Many definitions are offered throughout the literature regarding interest. Boekaerts and Boscolo (2002) propose that interest is conceptualised as the affect that relates individuals to the activities that provide the type of novelty and challenge that they desires. Hidi and Harackiewicz (2000) describe interest as an interactive relation between an individual and certain aspects of his or her environment (e.g. objects, events, ideas). It can be viewed both as a state and as an outlook of a person, and it has a cognitive as well as an affective component. Hidi (2006) considers interest to be a unique motivational variable, as well as a psychological condition that is characterised by increased attention, concentration and affect. Regardless of definition, the importance of interest was recognized in the late 19^th century and not just for career and subject choice. Psychologists and philosophers such as Ebbinghaus (1885) and James (1890) acknowledged that interest made a significant contribution to what people paid attention to and remembered (as cited in Prendergast and O’Donoghue, 2011). Even before that, the philosopher Thomas Reid (1788) suggested that emotional engagement is required for a learner to maintain attention, and therefore to learn anything. In the early part of the 20th century there was a continued understanding of the important role interest played in learning and development. Dewey (1913) maintained that interest facilitated learning, improved understanding and stimulated effort as well as personal involvement.

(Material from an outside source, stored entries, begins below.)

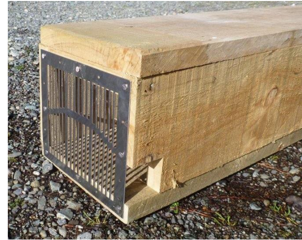
SS mesh to stop kea inserting sticks into trap. Side access only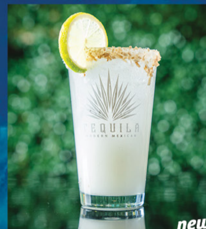
COCONUT TEQUILA LIME COOLER new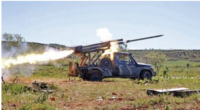
Rebel fighters from the Ahrar al-Sham Islamic Movement fire grad rockets from Idlib countryside towards forces loyal to Syria's President Bashar al-Assad, who are stationed at Jureen town in al-Ghab plain in the Hama countryside April 24, 2015.

BEIRUT, 15 Aug — A Syrian rebel group said on Saturday a ceasefire was over between insurgents and the Syrian army and its Lebanese ally Hezbollah in a town near the Lebanese border and two villages in the northwest.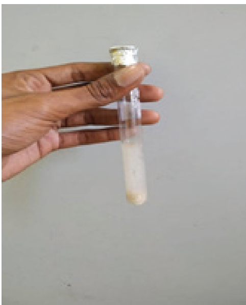
Figure 5: Casein with 1N of NaOH, dis H 2 O & Papain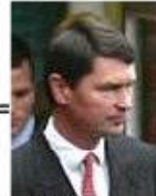
Timothy Laurence b. 1 Mar 1955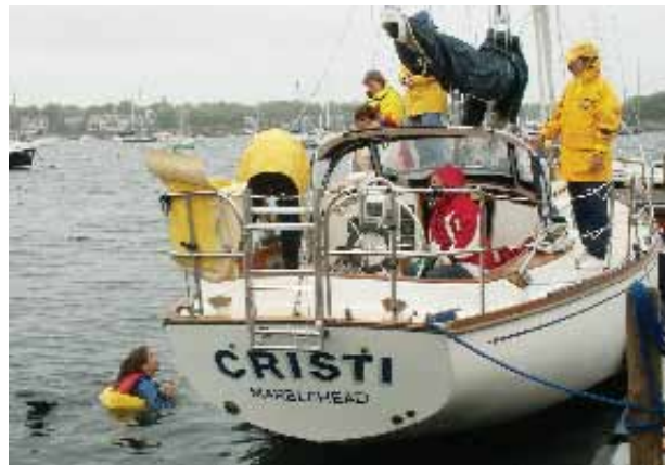
Man over board workshop despite strong winds & rain!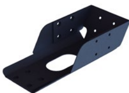
7160-1380 Pistol Grip Scanner Bracket 7170-0774 Zirkona, Pistol Grip Scanner Mount

Safeguard handheld scanners from accidental drops and catastrophic damage by housing your device with the right mount to fit your operation's needs.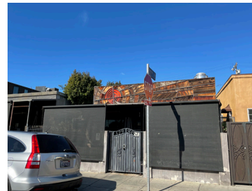
VENICE BEACH WINES

Dewey’s work is supported by more recent research conducted by Hidi and Harackiewicz (2000) who found that interest has a powerful influence on students’ academic performance. Del Favero et al. (2007) acknowledge the many studies that have shown the energising function of interest in fostering students remembering and understanding material, and stimulating students’ positive attitude towards a topic (e.g. Hidi, 1990; Mason and Boscolo, 2004; Schiefele, 1991, 1998). Hidi and Anderson’s (1999) work supports this view by concluding that interest has a profound effect on students’ recollection and retrieval processes, their acquisition of knowledge, and their effort expenditure. On top of this, theorists have suggested that interest may be the key to early stages of learning, as well as to differences between expert and moderately skilled performers (Alexander, 1997). When interested in a topic or domain, students are more likely to use higher-order learning thus improving their knowledge (Murphy and Alexander, 2002). This is supported by the findings of Krapp (2002, p. 384) who concluded that “an interest triggered learning activity leads to better learning results”.

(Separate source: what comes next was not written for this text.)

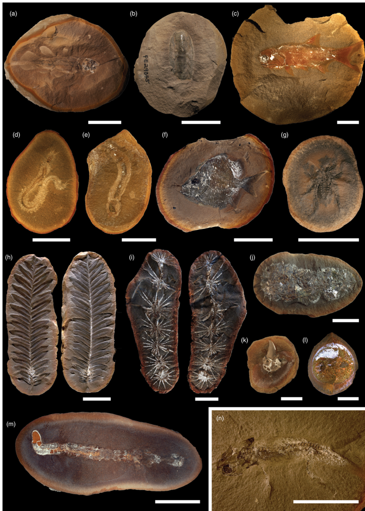
Fig. 3. A selection of fossils within siderite concretions from the Mazon Creek Lagerstätte. (a) Rhabdoderma sp. (ROM56774). (b) Chiton Glaphurochiton concinnus (PE29045). (c) Rhabdoderma ( exiguum ?) (Burpee/Lauer Foundation LF836). (d) Polychaete Esconites zelus (ROM47529). (e) Priapulid Priapulites konecniorum (FMNHPE25135). (f) Actinopterygian Platyosomus circularis (FMNHPE7333). (g) Unidentified trigonotarbid arachnid, most probably Aphantomartus pustulatus . (BMRP2014MCP850). (h) The seed fern Alethopteris sp. (ROM43584). (i) Asterophyllites sp. ROM 43576. (j) Annularia stellate (?) that has been overgrown with sphalerite (LEIUG83622). (k) Chondrichthyan tooth; Phoebodus ? (ROM56812A) demonstrates, that despite an absence of large fossils, larger animals lived in the Mazon Creek area. (l) Concretion with pyritic core from pit 11 (not accessioned). (m) Holothurian Achistrum ? (P69TG22a). (n) Saurerpeton obtusum (ROM56804B). Scales: 20 mm. Accurate locality data for fossils are often sparse, and most are often referred to by the associated strip-mine ‘pit’ number; however, some pits (such as Pit 11) are geographically wide, making this information less useful.

Promoting Student Interest in STEM

Given such importance, it is essential that teachers and educators alike make a conscious effort to promote interest at every available opportunity. However, a study carried out by Weiss (1990) in the U.S. found that only 31% of mathematics teachers declared that they give a heavy emphasis to getting students more interested in the subject. One reason for this lack of emphasis from teachers may be a lack of knowledge about how to systematically develop interest in their classrooms. There are many recommendations on how to do this offered throughout the literature. Firstly, it is important that educators always demonstrate their own interest in the subject matter (Bergin, 1999). The next task is to engage their students in the topic. This can be done using certain aspects of the learning environment, such as modification of teaching materials and strategies, and how tasks are presented (Hidi and Harackiewicz, 2000). Hidi (2006) suggests other means to achieve interest such as selecting resources that trigger interest. These may include games, puzzles, and hands-on activities, depending on the particular topic. However, while such resources trigger student interest, many of them fail to maintain the students’ interest over time (Mitchell, 1993).

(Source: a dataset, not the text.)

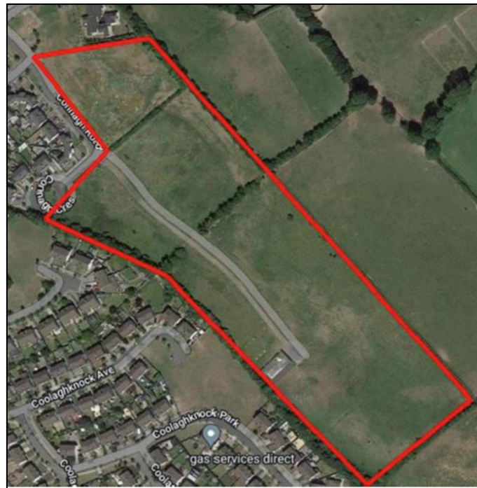
Figure 1: Location of development

The report is based on documentary and cartographic research from all available sources including but not limited to the Record of Monuments and Places, the Sites and Monument Records, the topographical files of the National Museum, the Development Plan, local sources, and other literary and documentary references. Previous excavation in the immediate vicinity of the site was also reviewed. Archaeological testing was undertaken in February 2024.

A study carried out by Mitchell (1993) in the US found that the two main factors in maintaining student interest over time were meaningfulness of task and student involvement. Meaningfulness refers to students’ perception of topics as meaningful to their own lives. For example presenting content in more relevant contexts illustrates the value of the subject and makes it more personally relevant for the student. Meaningfulness is effective because content that is perceived as being personally meaningful to students, empowers them and holds their interest (Mitchell, 1993). Involvement refers to the degree to which students feel they are active participants in the learning process. Students are more interested when they learn by doing as opposed to sitting and listening (Prendergast and O’Donoghue, 2014).

Similar to empowering students through meaningfulness and involvement, Del Favero et al. (2007) suggest that several forms of social interaction may also support the development of interest at various stages. This view was supported by Hidi and Harackiewicz (2000) who found that working in the presence of others resulted in increased interest for some individuals. This supports the case for the inclusion of group work and discussion in educational settings. Furthermore Del Favero et al. (2007) determine that problem-solving can often maintain interest by making students aware of gaps in their previous knowledge of a topic, thus encouraging further exploration of concepts and ideas.

THE STUDY

This study explores the potential of TWC for promoting and maintaining interest in STEM. The lessons, activities and resources were all designed and implemented with recommendations from the literature in mind. There was a constant effort to promote interest amongst its members through meaningful and contextualised learning experiences. The educators who facilitated the sessions and activities were encouraged to demonstrate their own interest in STEM. The activities were designed to be as interactive and hands on as possible. For example, the alphas were brought trampolining to explore the variables that control how high one can jump. This offered a conceptual and meaningful pathway to explore several physics and mathematics phenomena. Guided discovery and group work were promoted in each session to allow for students to construct their own meanings and learn from their peers. After activities, there was always time allocated for reflection, allowing opportunity for the alphas to develop their own understanding or discuss concepts further with the educators or their peers. In addition to providing stimulating STEM content through inquiry and project based learning, the sessions and activities often required alphas working in small groups to present and discuss their findings to the larger group. This necessitated the alphas to clarify their own understanding and further enhance their higher order thinking skills. Furthermore the educators employed assessment for learning (AFL) techniques that informed their teaching and offered feedback to the alphas. The educators also facilitated peer and self-assessments. Both of these methods were effective in supporting alphas to develop internal expectations for their work and take ownership of their learning, all of which have been shown to promote interest in the literature.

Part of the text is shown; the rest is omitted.